So the object is strong, but its next phase is social and methodological as much as technical.

Current status: strong direction with real promise, not yet final authority, around 7.5/10.

Public Tools That Are Real But Not Finished

24 Doors

24 Doors already works as a public object because the metaphor is strong. It does not start from a dashboard. It starts from a door, a letter, and a language barrier made physical enough to understand.

That gives it a public clarity many prototypes never get. The remaining problems are not conceptual. They are practical. Mobile UI still needs tightening, and the image layer is too heavy for the speed the object should have. Right now the idea is stronger than the performance envelope.

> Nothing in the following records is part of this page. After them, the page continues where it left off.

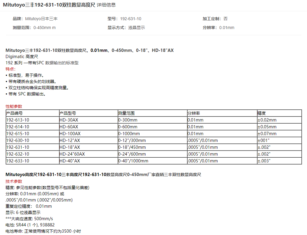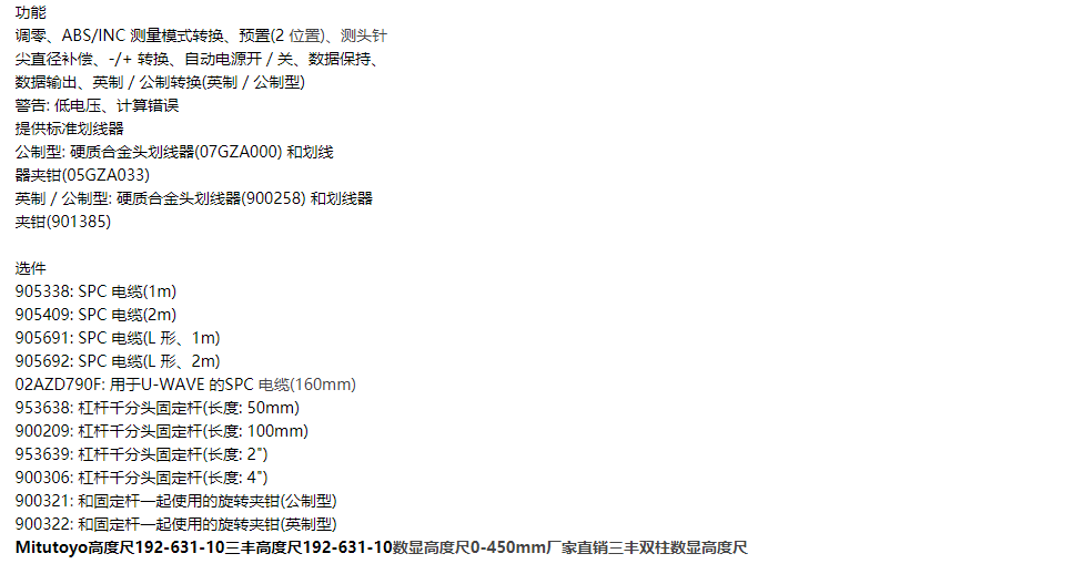 本網頁所展示的有關【三豐 192-631-10雙柱數(shù)顯高度尺】的信息/圖片/參數(shù)等由的會員【日本三豐mitutoyo-深圳柏萊科技有限公司 】提供,由柏萊儀器網-專業(yè)銷售儀器儀表服務商-深圳柏萊科技有限公司會員【日本三豐mitutoyo-深圳柏萊科技有限公司 】自行對信息/圖片/參數(shù)等的真實性、準確性和合法性負責,本平臺(本網站)僅提供展示服務,請謹慎交易,因交易而產生的法律關系及法律糾紛由您自行協(xié)商解決,本平臺(本網站)對此不承擔任何責任。您在本網頁可以瀏覽【三豐 192-631-10雙柱數(shù)顯高度尺】有關的信息/圖片/價格等及提供 【三豐 192-631-10雙柱數(shù)顯高度尺】的商家公司簡介、聯(lián)系方式等信息。
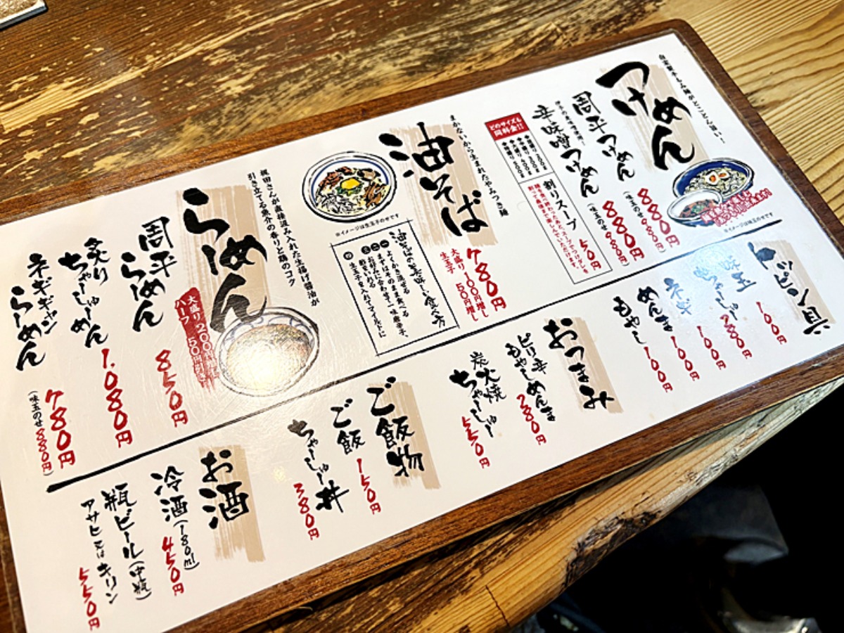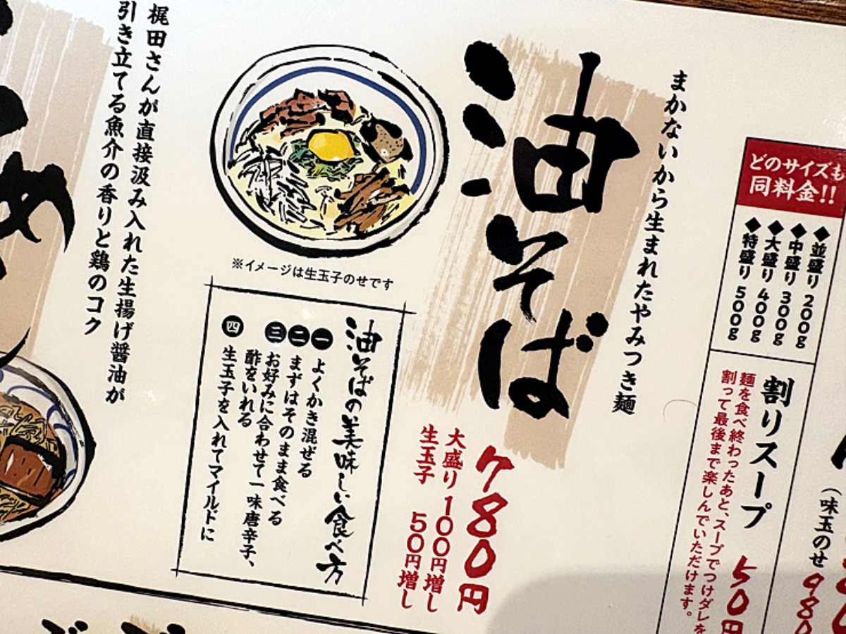 定番のメニューは、「醤油ラーメン」「つけ麺」「油そば」の3種類。
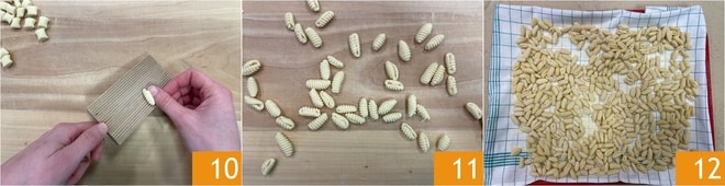 Luego pásalos por la tablilla para ñoquis, manteniendo la parte cortada hacia arriba 10. Continúa de este modo hasta agotar la masa 11. Coloca los malloreddus sobre un paño ligeramente enharinado o sobre la superficie de trabajo enharinada 12.

Current status: real public tool that still needs performance and mobile cleanup, around 7/10.

Heat Pressure

Heat Pressure is one of the clearest examples of an object whose future may be larger than its present score.

Right now it is not among the most polished tools in TID. But the underlying direction is unusually strong. Reading housing pressure through heat, tourism, rent, and lived cooling conditions is more interesting than the current prototype shell fully shows.

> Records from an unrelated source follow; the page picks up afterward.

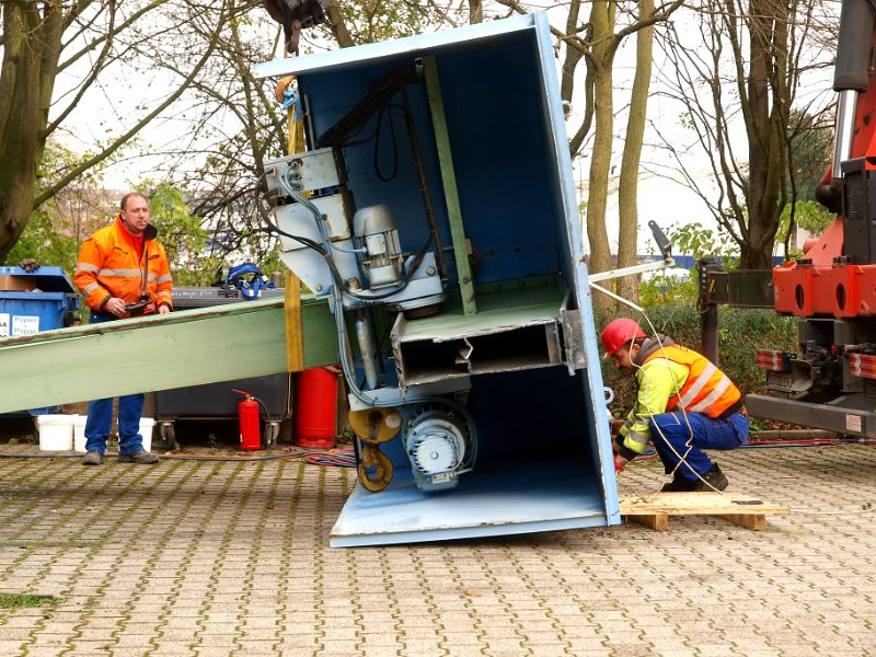 Abbau des Werkstattkrans vor dem Museum
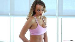 Essa loira com um belo corpo se entregará a esse homem depois de relaxar em suas sessões de exercícios. Seu corpo macio e bonito vai nos impressionar.
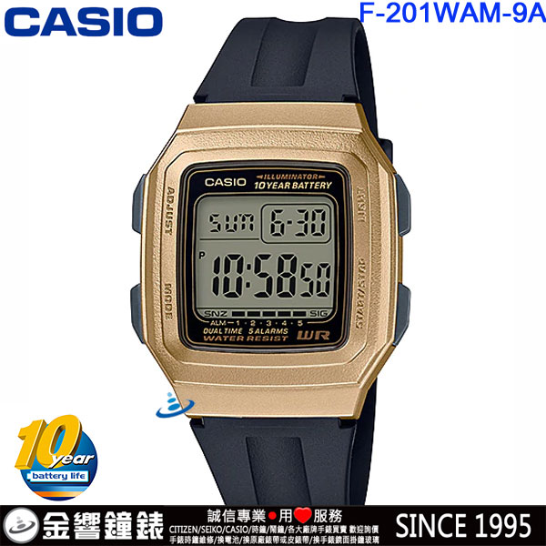 金響鐘錶精品購物網::專賣原廠公司貨:::歡迎議價或門市購買全年優惠 EST.1995 » CASIO系列 » FASHION 時尚錶款 » CASIO F-201WAM-9AVDF(公司貨,保固1年):::10年電池,電子運動錶,世界時間,計時碼錶,鬧鈴,夜間照明,刷卡或3期零利率,F201WAM |

So it sits in an odd place. It is only around mid-level in current maturity, but near the top in strategic importance. It still carries too much prototype logic and too much incomplete runtime truth to act like a settled public instrument.

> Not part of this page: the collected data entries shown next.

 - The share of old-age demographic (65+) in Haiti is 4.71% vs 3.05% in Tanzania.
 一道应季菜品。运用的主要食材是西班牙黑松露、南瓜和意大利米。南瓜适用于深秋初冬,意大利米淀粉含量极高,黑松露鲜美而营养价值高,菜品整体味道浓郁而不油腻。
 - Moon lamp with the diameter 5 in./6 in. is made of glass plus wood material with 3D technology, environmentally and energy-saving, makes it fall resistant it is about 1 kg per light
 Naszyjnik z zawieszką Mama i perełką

Current status: one of the most important tools to keep developing, but not yet one of the strongest finished tools, around 5/10.

Route Gap Calculator

Route Gap Calculator is modest, and that is part of why it works.

It does not pretend to be a booking platform, transport authority, live route planner, or operational dispatch layer. It is just a readable way to turn route assumptions into a visible financial gap.

That is a small promise, but an honest one. The dignity of the object is that it succeeds at the exact thing it claims to be.

Current status: concept tool that succeeds at its own limited job, around 6/10.

Public Doors That Need Harder Truth

Circuit Lab demo

Circuit Lab demo is one of the clearest examples of why public presence and actual maturity are not the same thing.

The door exists. The idea exists. But the motor behind it does not work well enough yet. That matters more than the concept art around it.

So this is not a case for cosmetic defense. It is a case for rebuild logic. It should not be treated as a stable finished tool simply because it can be opened.

Current status: public prototype with a real idea, but not a trustworthy finished tool, around 2/10.

Heat From Here

Heat From Here already feels more settled than most of the prototype layer.

It does not need as much conceptual rescue as some of the others. The public value is there, the direction is there, and the object already feels approved in a stronger sense than mere permission to exist.

It still belongs to the evolving side of the room, but it is far closer to a durable object than to a speculative sketch.

Current status: one of the strongest evolving objects in TID, around 9/10.

Data And Research Doors That Are Already Doing Their Job

bio-log

bio-log is one of the weakest current objects, not because the intention is bad, but because the current form is not carrying the intention well enough.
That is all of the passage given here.